→ Description of the task:
Copy all entries without alteration and skip the pictures they hold.

(Data extracted from a collection)

┄┄┄┄┄┄

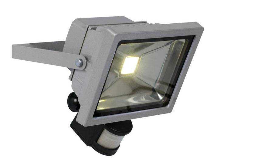 Прожектор с галогеновой лампой. В нем установлен инфракрасный датчик движения, который реагирует на излучение тепловой энергии от объекта. Дальность действия такого прибора достигает 12 м, причем функциональность его не теряется даже при отрицательных температурах, осадках, понижении температуры.
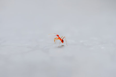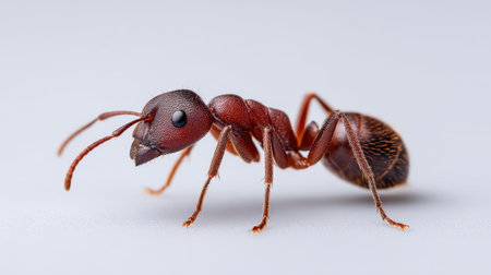 This close-up image captures the intricate details of a red ant, highlighting its unique anatomy, legs, and antennae on a clean, neutral background.
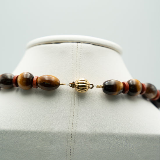 Golden, brown and red tiger’s eye beads in round, cylindrical, tabular and barrel shapes. Round beads from 10 to 16mm, tabular bead is 30mm long
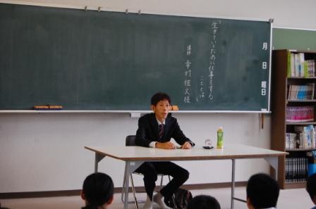8月31日(金)に、2年生を対象に職業講話を行いました。自衛隊での入隊経験や、幸村輪業を経営しつつ、コンビニエンスストアを開業された幸村雅文様よりご講話いただきました。職場体験学習だけでなく、生きる上で大切な「コミュニケーション力」、「交渉力」、「状況把握力」、「機転を利かせる力」について教えていただきました。これからの学習や自分の生き方に生かしていきましょう。講話していただきました幸村様ありがとうございました。
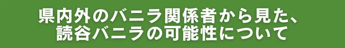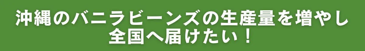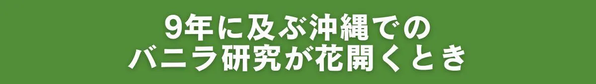 沖縄は熱帯に近くバニラの栽培適地のため、バニラ栽培にはとても可能性を感じる。海外と比較すると、生産量は追いついていない問題はあるものの、すでに沖縄県内でも国産の高品質なバニラを栽培、加工ができていることからもバニラ栽培に期待は大きいです。

┄┄┄┄┄┄

→ Completed task:
 Прожектор с галогеновой лампой. В нем установлен инфракрасный датчик движения, который реагирует на излучение тепловой энергии от объекта. Дальность действия такого прибора достигает 12 м, причем функциональность его не теряется даже при отрицательных температурах, осадках, понижении температуры.
 This close-up image captures the intricate details of a red ant, highlighting its unique anatomy, legs, and antennae on a clean, neutral background.
 Golden, brown and red tiger’s eye beads in round, cylindrical, tabular and barrel shapes. Round beads from 10 to 16mm, tabular bead is 30mm long
8月31日(金)に、2年生を対象に職業講話を行いました。自衛隊での入隊経験や、幸村輪業を経営しつつ、コンビニエンスストアを開業された幸村雅文様よりご講話いただきました。職場体験学習だけでなく、生きる上で大切な「コミュニケーション力」、「交渉力」、「状況把握力」、「機転を利かせる力」について教えていただきました。これからの学習や自分の生き方に生かしていきましょう。講話していただきました幸村様ありがとうございました。
 沖縄は熱帯に近くバニラの栽培適地のため、バニラ栽培にはとても可能性を感じる。海外と比較すると、生産量は追いついていない問題はあるものの、すでに沖縄県内でも国産の高品質なバニラを栽培、加工ができていることからもバニラ栽培に期待は大きいです。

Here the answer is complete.